During anesthesia with fluorotane, the supply of anesthetic vapor is smoothly and precisely regulated and the change in stages of anesthesia is necessarily taken into account. In this regard, such anesthesia is carried out using special evaporators, which are located outside the circulation system. The oxygen level in the inhaled mixture must be at least 50%. When carrying out short-term medical interventions, the anesthetic can be applied through a simple anesthesia mask.

The use of fluorotane is not recommended for pheochromocytoma and in any other case when there is a high concentration of adrenaline in the blood. The anesthetic is used with caution in patients with cardiac arrhythmias, organic liver damage, and hypotension. When performing gynecological operations, it must be taken into account that the anesthetic reduces the tone of the uterus and increases bleeding. Under the influence of the drug, the uterus loses sensitivity to drugs that cause its contraction.

Effect of the drug

In the case of using fluorotane, blackout occurs, as a rule, after a minute and a half. Surgical anesthesia is observed after a few minutes. Awakening occurs a few minutes after the end of the anesthetic administration. It is impossible not to note the fairly rapid disappearance of anesthesia depression - within 7-8 minutes after short-term and half an hour after long-term anesthesia. Excitement is observed in a small number of patients and it is rather mild.

Ftorotan vapors do not irritate mucous membranes. In addition, no significant changes are observed during anesthesia. In most cases, blood pressure decreases, which is partly due to the negative effect of the anesthetic on the sympathetic ganglia and an increase in peripheral blood vessels.

At the same time, there is an increase in the tone of the vagus nerve, which creates conditions for the development of bradycardia. Ftorotan will also have a depressant effect on the heart muscle. In addition, the anesthetic increases its sensitivity to catecholamines and due to the administration of norepinephrine and adrenaline during anesthesia, ventricular fibrillation occurs.

This anesthetic does not have any effect on the functioning of the kidneys, but in rare cases it causes disturbances in the liver, which leads to the appearance of jaundice.
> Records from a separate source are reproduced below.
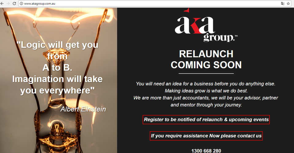 Попытка перейти на официальный сайт компании AKA Group успехом не увенчалась. На главной странице надпись, которая гласит, что «сайт перезапустится совсем скоро».
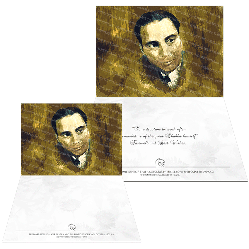 History: This Greetings Card/Farewell Card/Goodbye Card/Going-Away Card/Leaving Card for commemorating historical people and bidding farewell and luck to friends, family and colleagues, features a photoart presentation of Homi Jehangir Bhabha. Born on the 30th of October in 1909 Ce, Homi Bhabha was a nuclear physicist, a humanitarian and a friend of the environment. Homi Bhabha was also a fellow of the Royal Society and an awardee of the prestigious Padma Bhusan. Homi Bhabha is remembered as the father of India's nuclear Age.
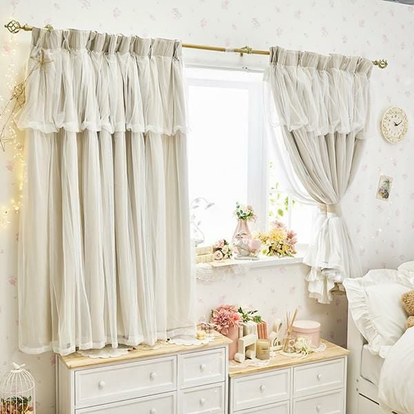 ストンと落ちたドレープカーテンに曲線を描いた上飾りフリルがとっても可愛いです。お部屋の雰囲気が変わりガーリーに。姫感アップでとても可愛くなりました。遮光力もあるので、おすすめのカーテンだと思います。サイズ違いで購入し、お気に入りです。(にゃんさん)
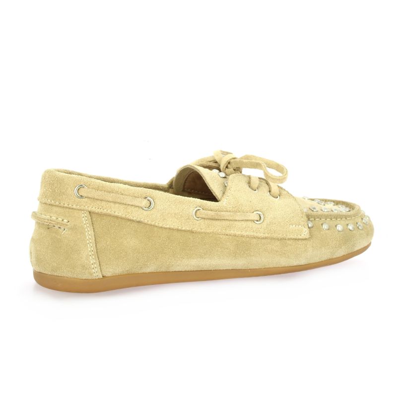 Ce mocassin souple Reqins en cuir velours beige se distingue par ses petits clous argentés qui soulignent élégamment le plateau avant.
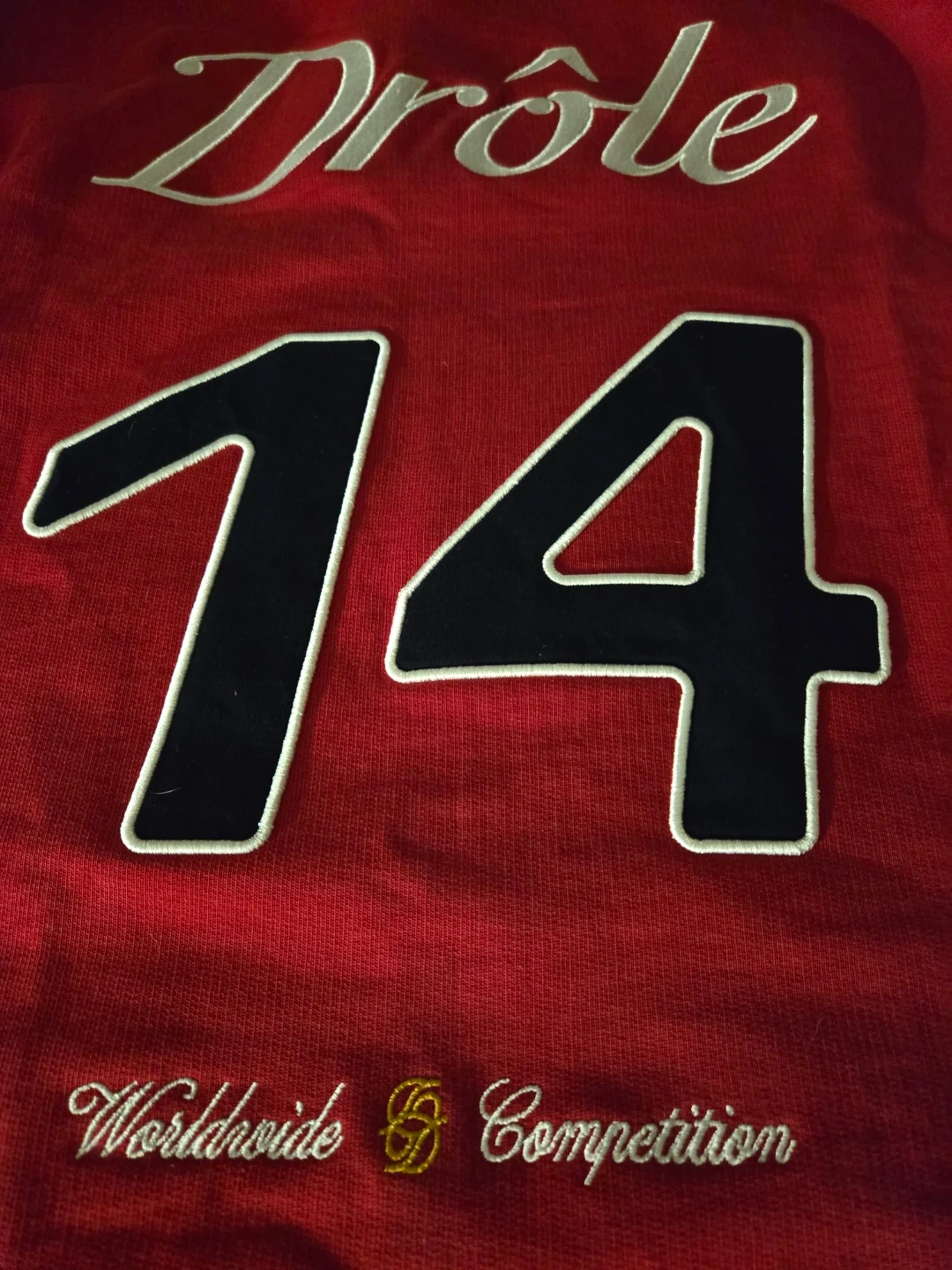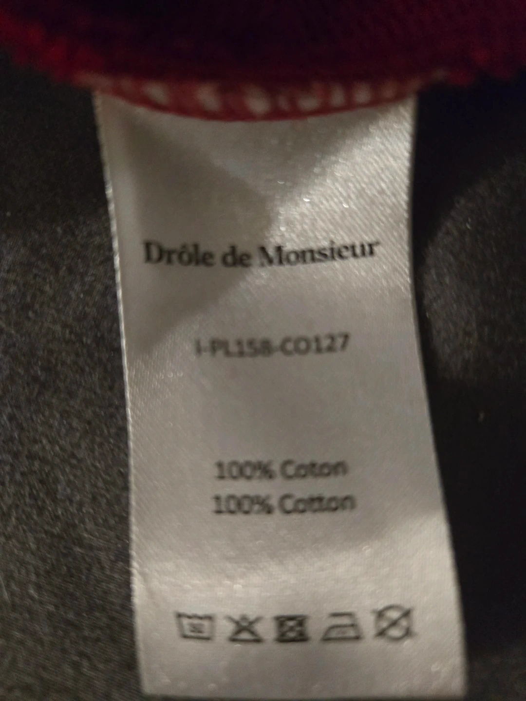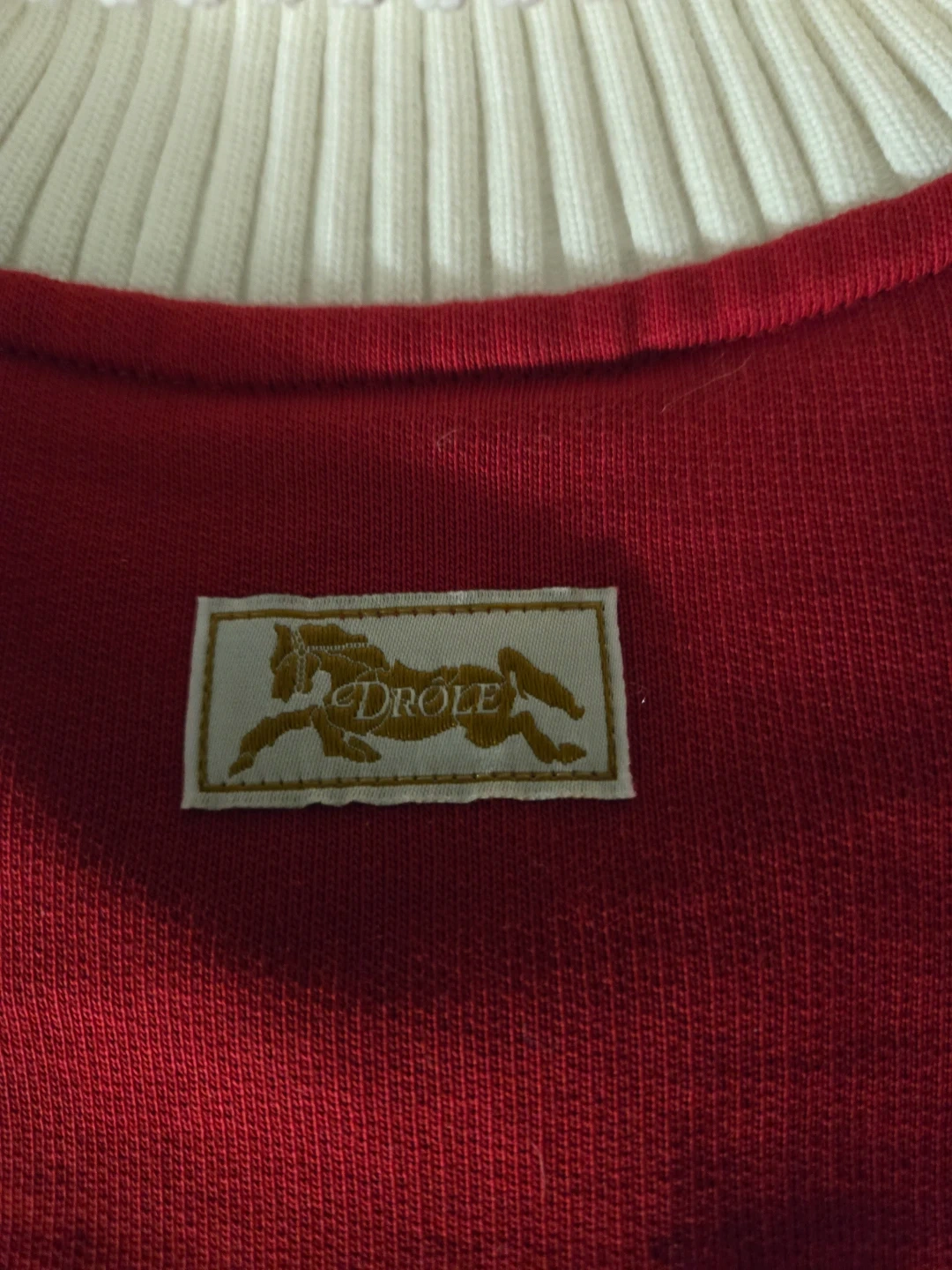 This is a Drôle de Monsieur long-sleeve rugby shirt in red. It features embroidered patches and '14' detailing. The collar is ribbed white with a button placket. Made of cotton.Retail $350

Side effects and contraindications

The side effects of this drug are quite varied:

• Bradycardia;
• Reduced blood pressure;
• Increased sensitivity of the heart muscle to catecholamines;
• Respiratory depression;
• Liver dysfunction;
• Arrhythmias;
• Malignant hyperthermia;
• Intracranial hypertension;
• Post-anesthetic delirium.

In addition, patients often experience nausea, tremors, and headaches after waking up. Side effects develop quite rarely and are mild in nature, so even if there are minor contraindications, the doctor often chooses fluorotan, because in dangerous situations and in seriously ill patients this anesthetic drug will have minimal negative effects on the human body.

In case of an anesthetic overdose, patients develop arrhythmias, severe bradycardia, decreased blood pressure, respiratory depression and hyperthermic crisis. Treatment of overdose is carried out in almost all cases using mechanical ventilation with pure oxygen.

Among the main contraindications for use, we highlight:

• First trimester of pregnancy, period of childbirth;
• High sensitivity to the drug;
• Jaundice;
• Liver diseases;
• Malignant hyperthermia;
• Intracranial hypertension;
• Liver failure;
• Thyrotoxicosis;
• Pheochromotoma;
• Arterial hypotension;
• Myasthenia;
• Arrhythmias;
• Liver diseases;
• Severe cardiovascular failure with hypotension.

In recent years, there has been a tendency to abandon the use of fluorotane due to toxicity and harmful effects on the patient.

In addition to the patient, medical personnel working in the operating room also suffer from this gas, since there is always a small concentration in their work area.